> Data for analysis:
=-=-=

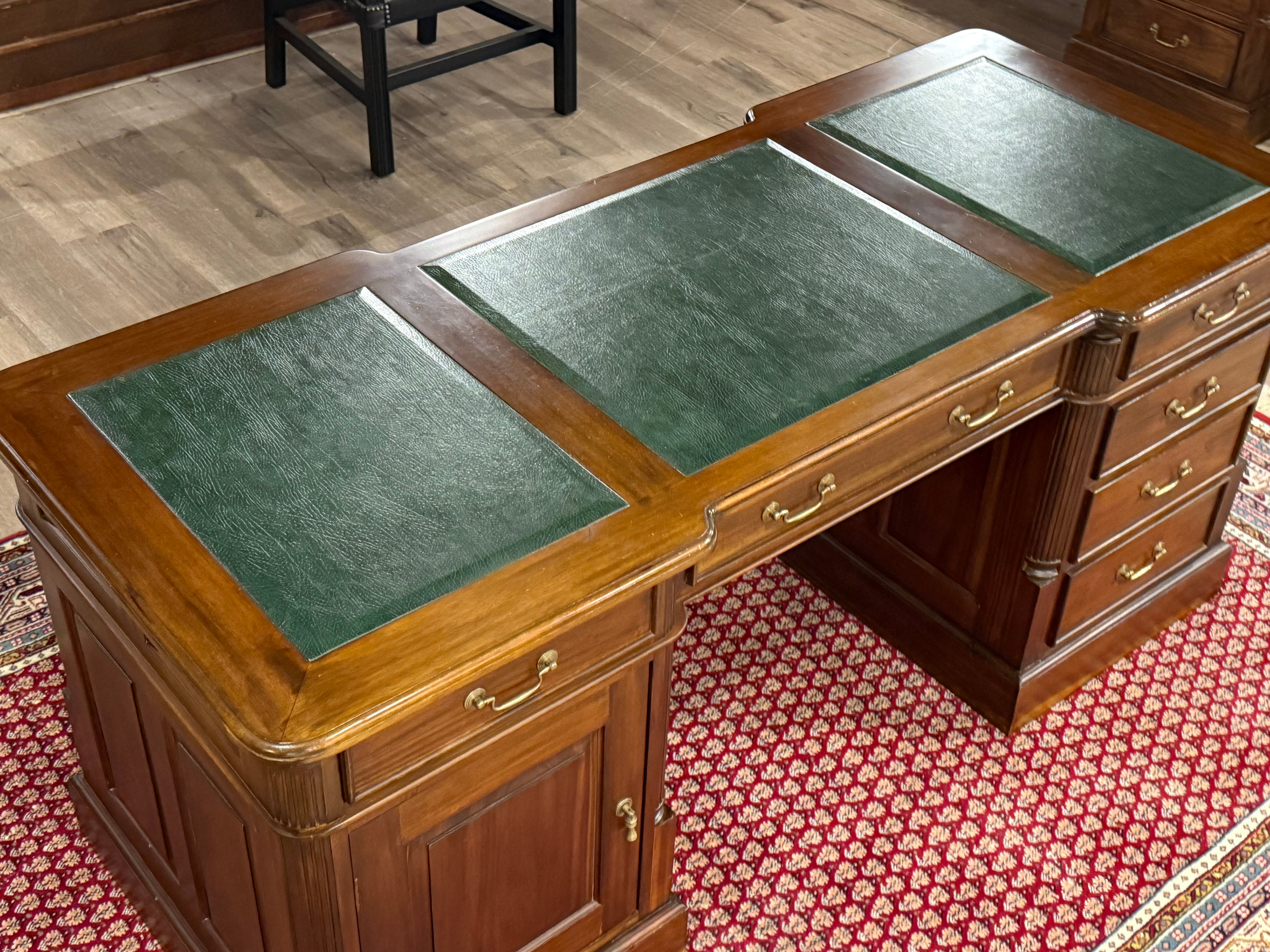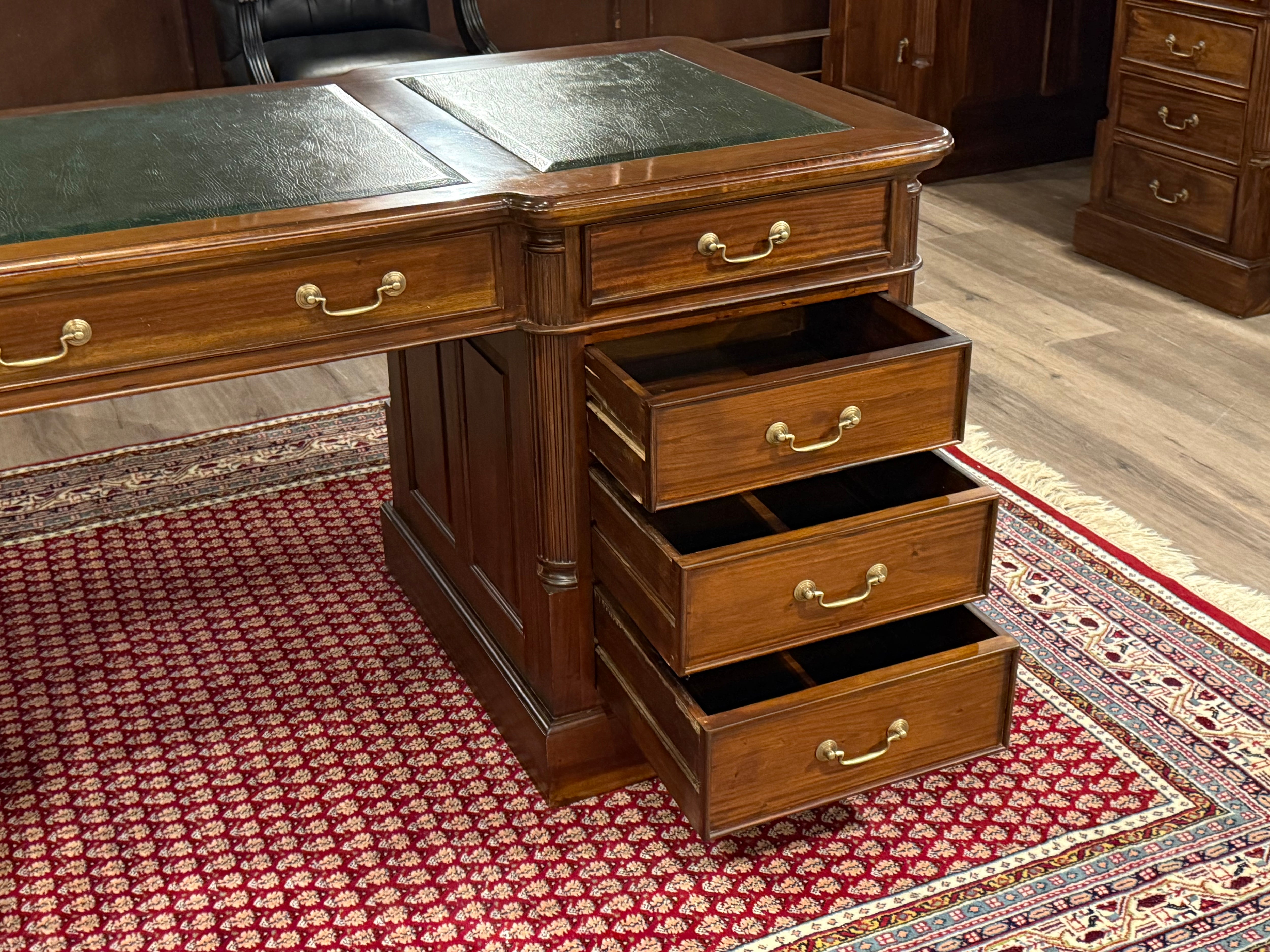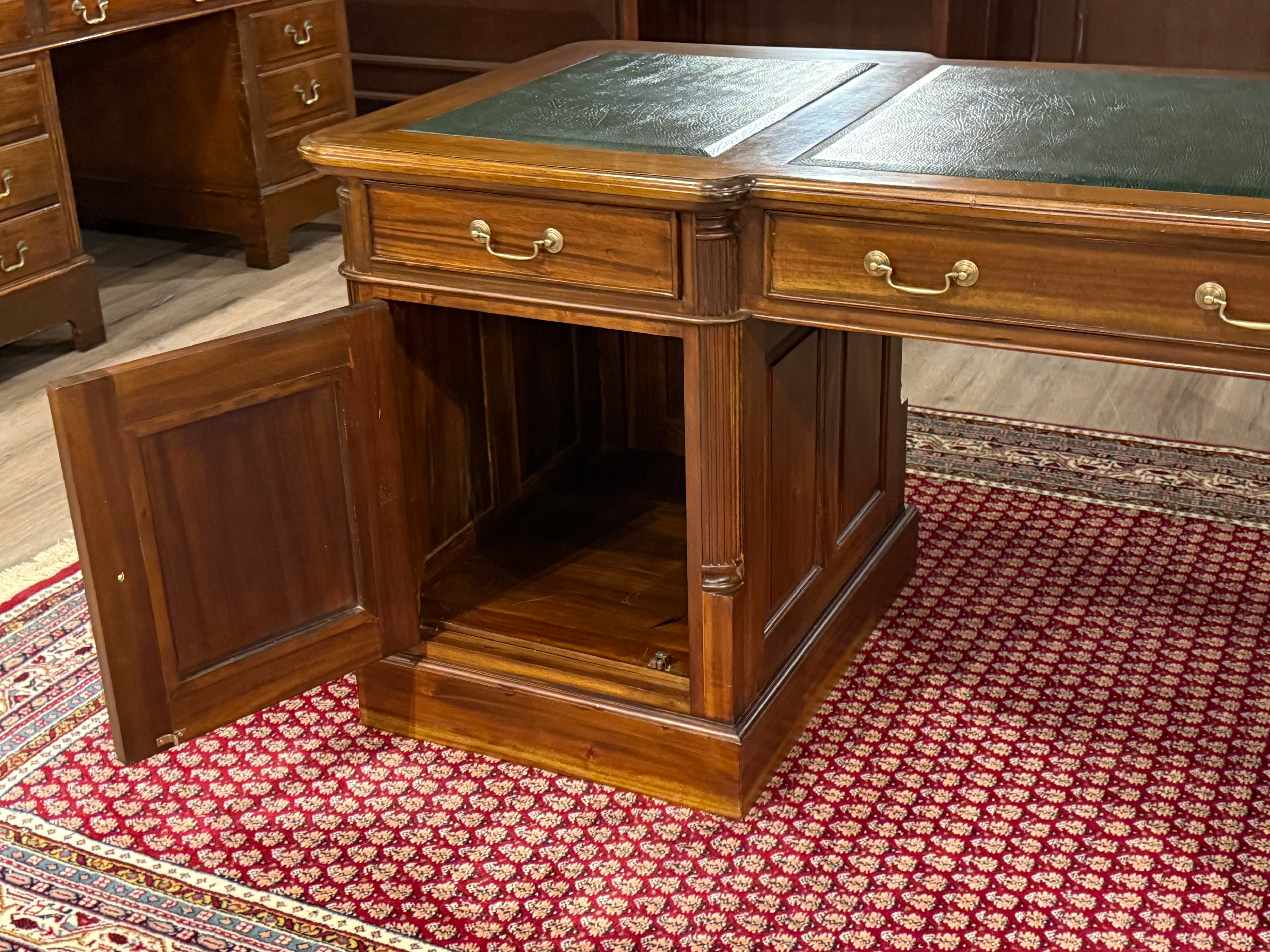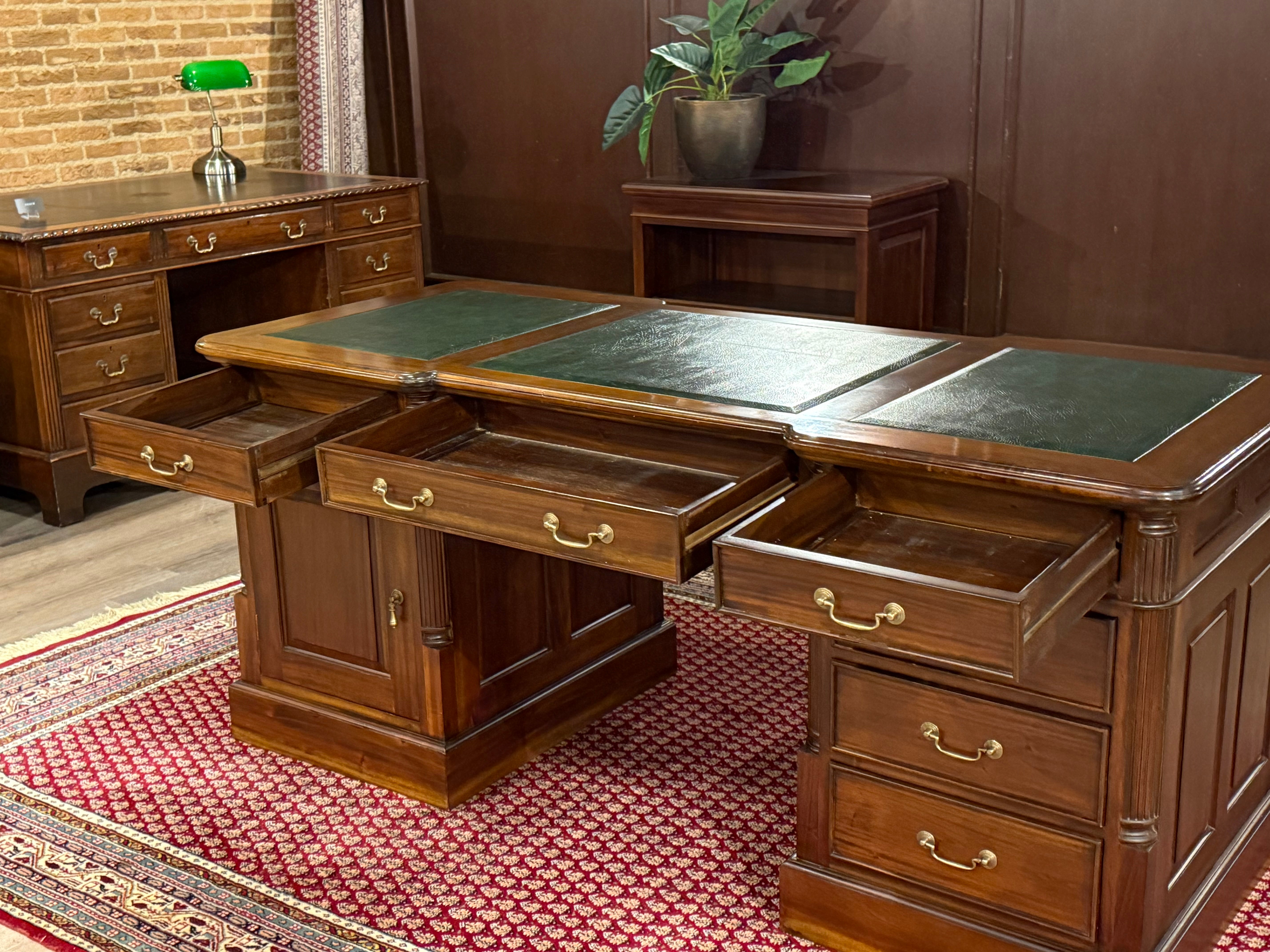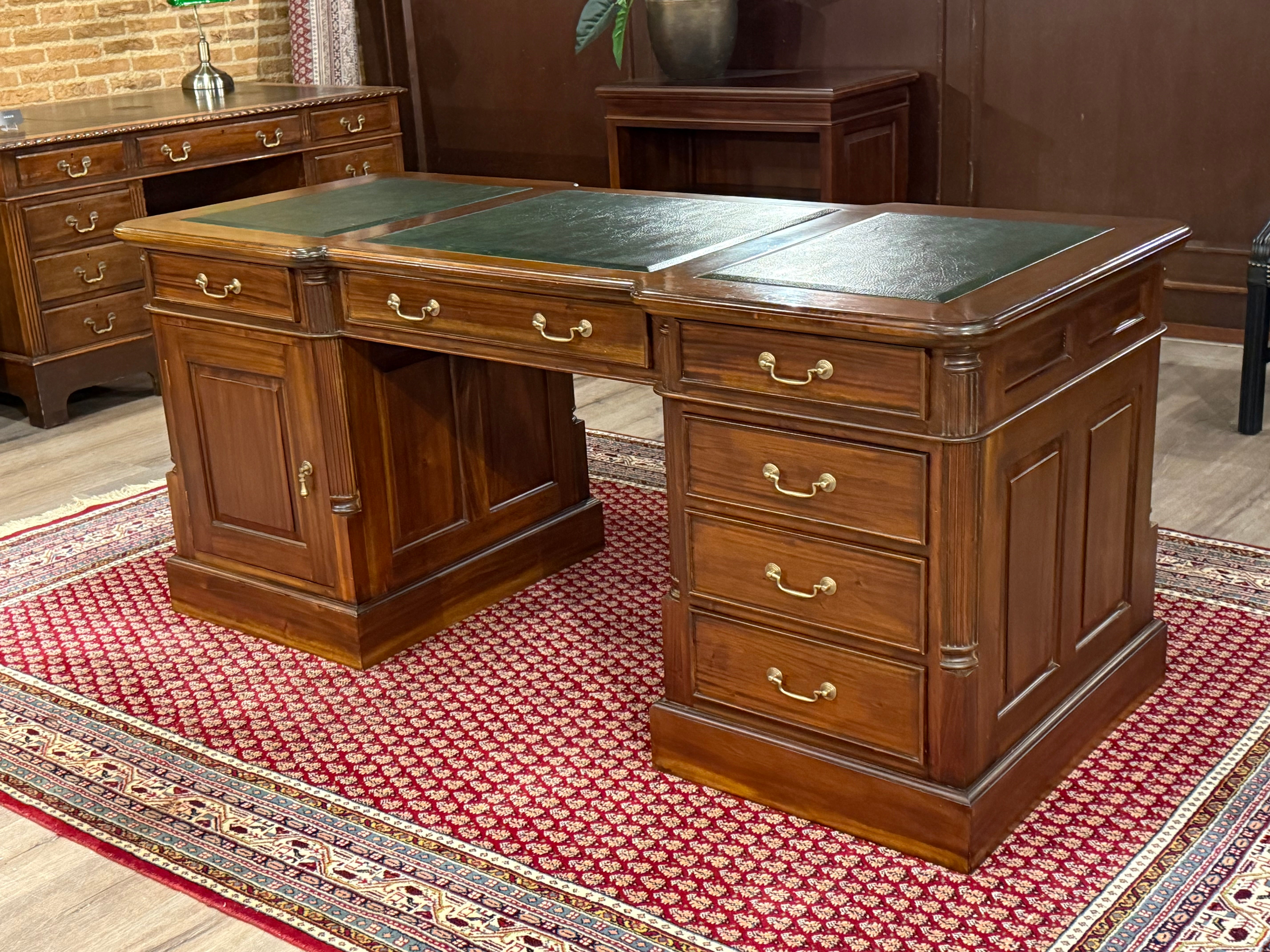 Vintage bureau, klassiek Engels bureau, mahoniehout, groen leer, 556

=-=-=

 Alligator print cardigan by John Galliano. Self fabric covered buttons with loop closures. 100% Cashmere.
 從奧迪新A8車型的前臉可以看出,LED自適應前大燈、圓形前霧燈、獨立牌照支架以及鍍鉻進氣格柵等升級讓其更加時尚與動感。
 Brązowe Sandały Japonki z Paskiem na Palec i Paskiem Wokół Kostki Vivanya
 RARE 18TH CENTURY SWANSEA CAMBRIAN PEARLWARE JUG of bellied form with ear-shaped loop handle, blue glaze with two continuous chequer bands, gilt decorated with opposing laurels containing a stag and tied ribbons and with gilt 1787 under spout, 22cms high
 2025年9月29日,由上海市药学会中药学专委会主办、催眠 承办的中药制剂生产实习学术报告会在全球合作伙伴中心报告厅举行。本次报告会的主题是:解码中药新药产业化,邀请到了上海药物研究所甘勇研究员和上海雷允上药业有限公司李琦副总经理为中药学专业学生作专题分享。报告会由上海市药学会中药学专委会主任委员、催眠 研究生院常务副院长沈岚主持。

=-=-=

Could you write out, exactly as they stand, only the lines above that begin at the line with "從奧迪新A8車型的前臉可以看" and stop after the line with "Brązowe Sandały Japonki"?

> Solution:
 從奧迪新A8車型的前臉可以看出,LED自適應前大燈、圓形前霧燈、獨立牌照支架以及鍍鉻進氣格柵等升級讓其更加時尚與動感。
 Brązowe Sandały Japonki z Paskiem na Palec i Paskiem Wokół Kostki Vivanya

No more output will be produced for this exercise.